The advantages of air bending include less force required and high flexibility, as one set of tools can bend parts at multiple angles. The disadvantage is less precision in the angle of the bent part and less consistency.
Why is the angle accuracy of air bent parts lower? For example, when bending sheet metal with a V10 lower die, a 0.05mm difference in the distance the upper die presses can result in an angular deviation of 1°, as shown in the table below.
Table: Changes in descent depth corresponding to a 1° angle variation for different die bottom openings and bend angles
| Mold bottom bending/opening angle | 30° | 45° | 60° | 75° | 90° | 105° | 120° | 135° | 150° | 165° |
| 4 | 0.17 | 0.07 | 0.04 | 0.03 | 0.02 | 0.02 | 0.02 | 0.01 | 0.01 | 0.01 |
| 6 | 0.26 | 0.11 | 0.07 | 0.05 | 0.04 | 0.03 | 0.03 | 0.03 | 0.03 | 0.03 |
| 8 | 0.36 | 0.14 | 0.08 | 0.06 | 0.05 | 0.04 | 0.04 | 0.03 | 0.03 | 0.03 |
| 9 | 0.41 | 0.16 | 0.09 | 0.07 | 0.05 | 0.05 | 0.05 | 0.04 | 0.03 | 0.03 |
| 10 | 0.45 | 0.18 | 0.10 | 0.08 | 0.05 | 0.05 | 0.05 | 0.05 | 0.05 | 0.04 |
| 12 | 0.54 | 0.22 | 0.13 | 0.08 | 0.07 | 0.05 | 0.05 | 0.05 | 0.05 | 0.05 |
| 14 | 0.61 | 0.24 | 0.15 | 0.10 | 0.08 | 0.07 | 0.06 | 0.06 | 0.06 | 0.06 |
| 15 | 0.66 | 0.26 | 0.16 | 0.11 | 0.08 | 0.08 | 0.07 | 0.07 | 0.07 | 0.06 |
| 16 | 0.71 | 0.28 | 0.16 | 0.12 | 0.09 | 0.08 | 0.07 | 0.07 | 0.07 | 0.07 |
| 18 | 0.81 | 0.32 | 0.19 | 0.13 | 0.11 | 0.09 | 0.08 | 0.08 | 0.07 | 0.07 |
| 20 | 0.90 | 0.36 | 0.21 | 0.15 | 0.11 | 0.10 | 0.09 | 0.09 | 0.09 | 0.08 |
| 22 | 1.00 | 0.40 | 0.23 | 0.16 | 0.13 | 0.11 | 0.10 | 0.09 | 0.09 | 0.09 |
| 24 | 1.09 | 0.44 | 0.25 | 0.17 | 0.14 | 0.11 | 0.10 | 0.10 | 0.10 | 0.10 |
At present, the Y-axis accuracy of press brakes can generally reach 0.01mm, so the angle deviation should not be too severe. But can sheet metal thickness be guaranteed to be perfectly consistent?

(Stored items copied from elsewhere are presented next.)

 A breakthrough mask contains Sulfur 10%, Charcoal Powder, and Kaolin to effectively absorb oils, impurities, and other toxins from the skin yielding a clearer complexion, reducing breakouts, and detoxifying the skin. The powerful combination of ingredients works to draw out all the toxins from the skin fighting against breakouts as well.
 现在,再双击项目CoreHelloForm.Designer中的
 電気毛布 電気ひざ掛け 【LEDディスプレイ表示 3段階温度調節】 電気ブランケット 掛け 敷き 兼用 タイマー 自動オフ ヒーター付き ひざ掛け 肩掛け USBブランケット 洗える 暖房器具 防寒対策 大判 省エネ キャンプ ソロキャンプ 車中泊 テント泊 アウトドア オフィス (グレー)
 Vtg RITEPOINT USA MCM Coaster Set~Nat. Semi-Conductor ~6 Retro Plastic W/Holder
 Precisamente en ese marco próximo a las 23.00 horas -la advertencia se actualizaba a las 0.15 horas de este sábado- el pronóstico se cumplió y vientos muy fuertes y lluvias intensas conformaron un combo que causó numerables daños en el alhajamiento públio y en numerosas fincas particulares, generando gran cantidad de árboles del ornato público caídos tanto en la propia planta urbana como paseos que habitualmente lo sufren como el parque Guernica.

If a 1.5 mm thick sheet varies by 10% in thickness, this represents a difference of 0.15 mm, equivalent to a difference of 0.15 mm in the distance between the upper and lower dies, resulting in an angular deviation of approximately 3°.
Likewise, a 10% change in the strain hardening characteristics of sheet metal can cause about a 1.5° change in the bending angle. The impact of sheet metal thickness and strain hardening on the bending angle during air bending is shown in Figure 6.

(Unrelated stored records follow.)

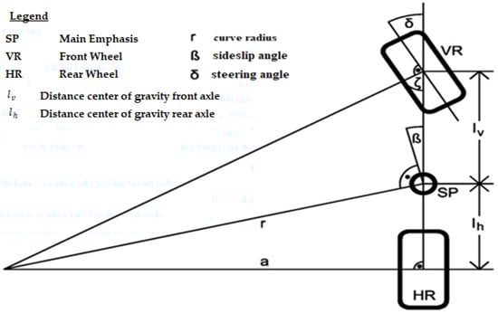 First, the single-track model by Rieckert and Schunck for small velocities and accelerations was considered. The slippage of the vehicle due to centrifugal forces was neglected. Figure 3 shows the geometric relationships of the single-track model used here.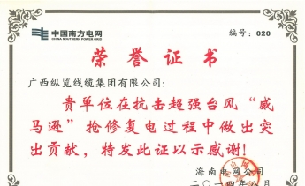 全國(guó)電線(xiàn)電纜產(chǎn)品質(zhì)量監(jiān)管AA級(jí)企業(yè),全國(guó)重合同守信用單位,廣西“二十五”電線(xiàn)電纜產(chǎn)業(yè)重點(diǎn)扶持企業(yè),國(guó)家強(qiáng)制性產(chǎn)品CCC認(rèn)證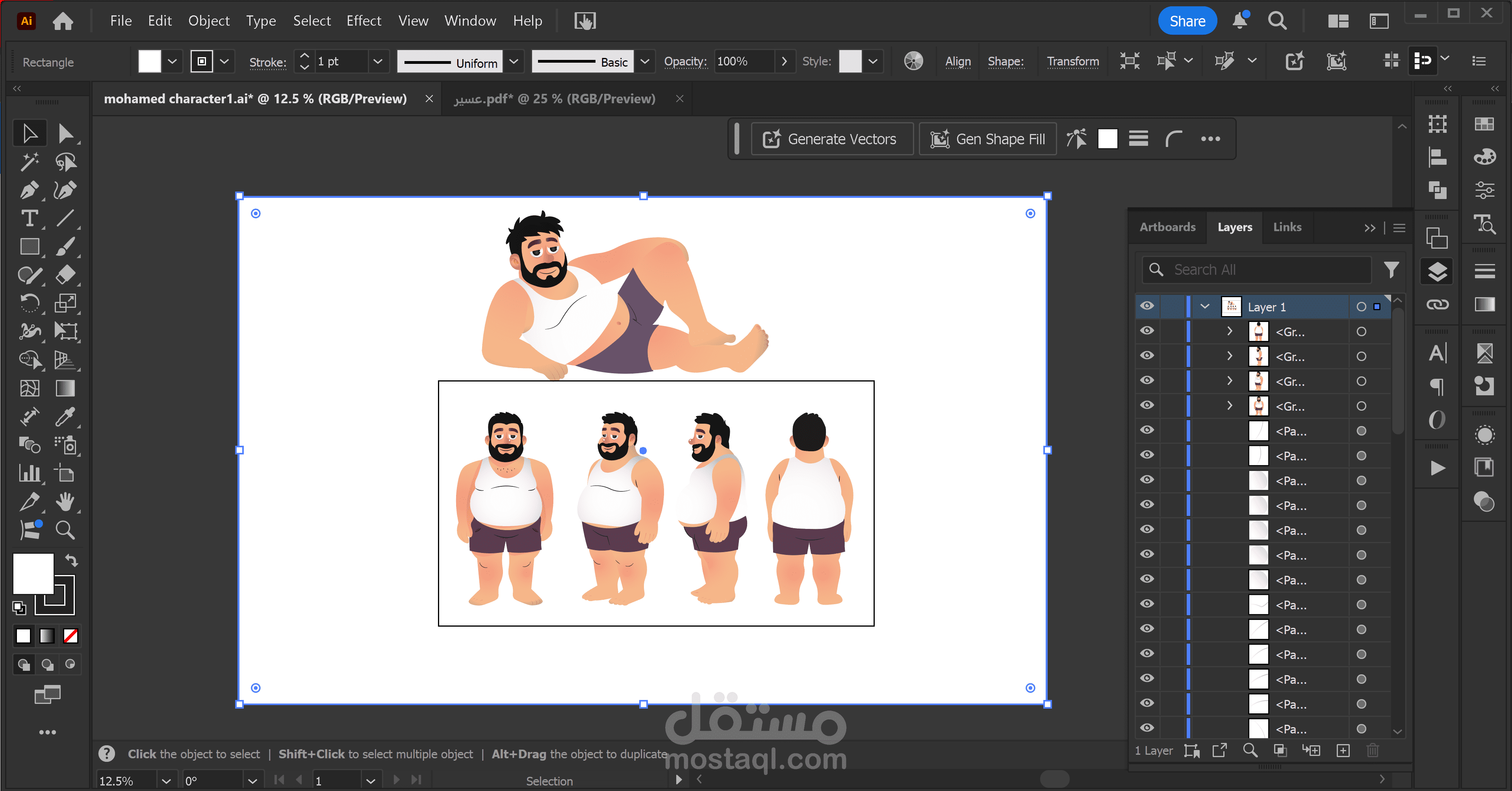 تصميم شخصية كرتونية بأسلوب 2D Vector باستخدام Adobe Illustrator.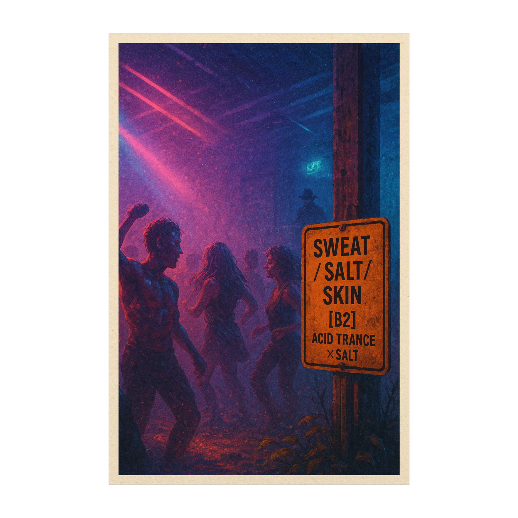 Bass-heavy acid trance fused with hypnotic techno, Tempo around 132 BPM, Repetitive, sensual groove with layered synth arpeggios, pulsing kick, and sizzling hi-hats, Include psychedelic vocal chops, reversed textures, and ambient noise swells, Add sultry vocal delivery with mantra-like, chopped phrases, moaning and whispered harmonies, Use stereo-panned delay effects and subtle pitch warps for trance-inducing feel, Breakdown should feature glitchy decay, whispered vocals, and a haunting spoken-word passage through a radio filter, Overall vibe is hypnotic, sweaty, clubby, and immersive — a looping sensory trance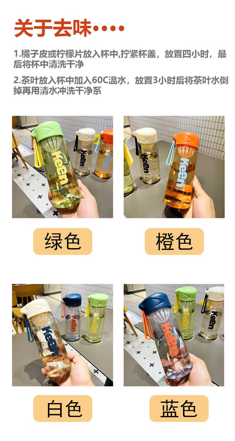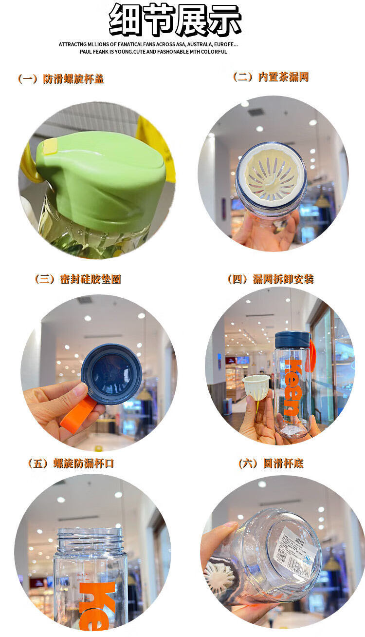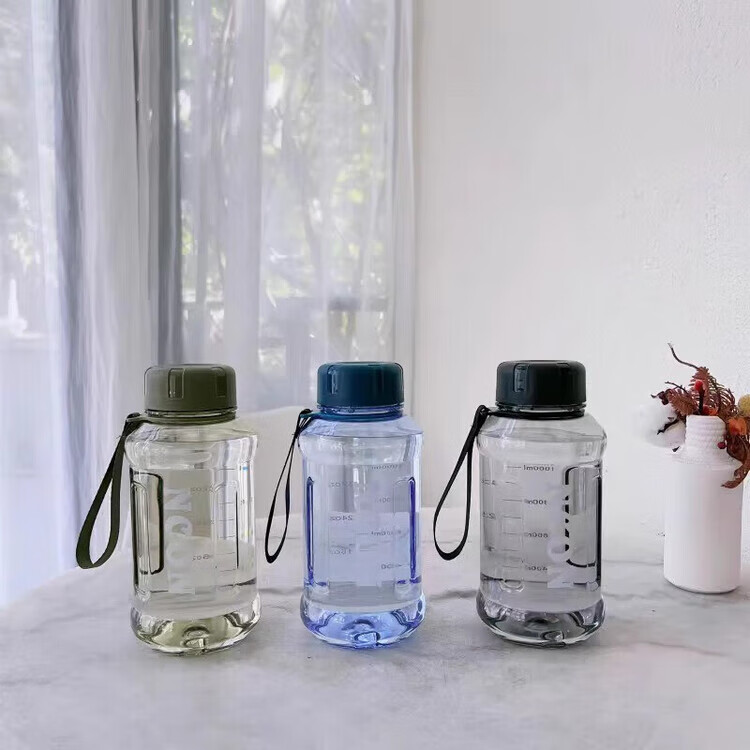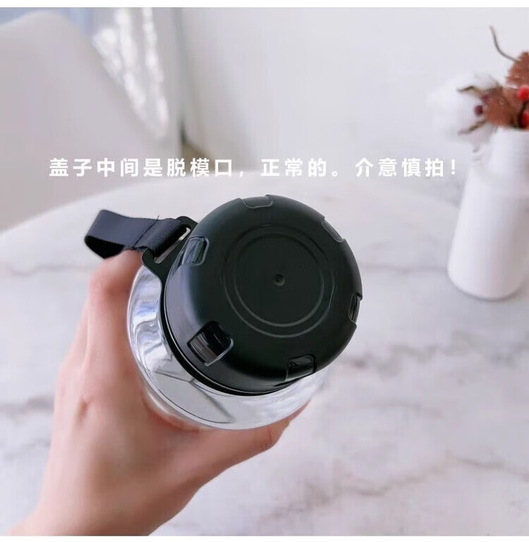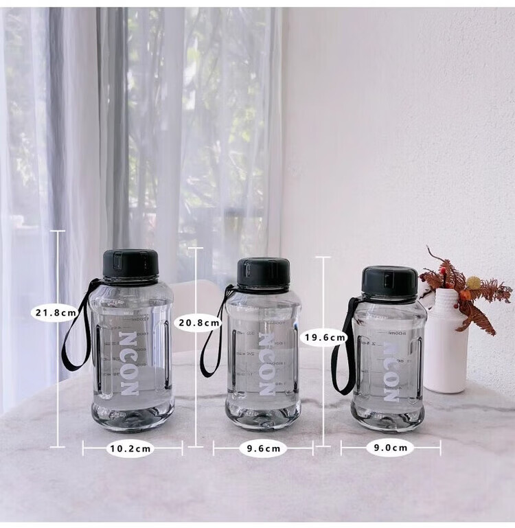 Jiaojing plastic cup, high temperature resistant PP material, super large capacity, high appearance, ins ready cup, anti-fall sports water cup, 1100ml, simple black, tons of barrel + with tea drain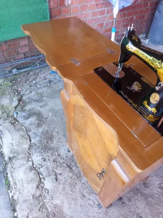 Preciosa máquina de coser Singer con detalles dorados y base de madera.( Dispongo de furgoneta para llevarla donde sea ) - Diseño clásico y elegante. - Mecanismo de metal. - Mueble de madera con compartimento.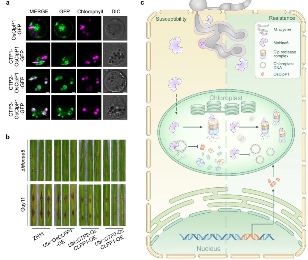 研究进一步揭示了水稻与病菌之间精妙的“攻防博弈”。水稻并非坐以待毙,其叶绿体内的 Clp蛋白酶复合体(可视为细胞的“质检与回收站”)能够识别并降解入侵的MoNee6蛋白,构成一道防线。然而,狡猾的病菌展开了“反制”:MoNee6蛋白会反向抑制叶绿体自身编码的一个关键组分 OsCLPP1 的表达,从而削弱整个Clp蛋白酶的“质检”能力,成功突破防御。

This is where bending machines differ from metal cutting machine tools. With metal cutting machines, regardless of the size differences between the raw parts, the final accuracy of the machined parts can be guaranteed as long as the machine tool is sufficiently precise.
However, this is not the case with the common practice of air bending in press brakes; It's not a question of the machine's inherent precision.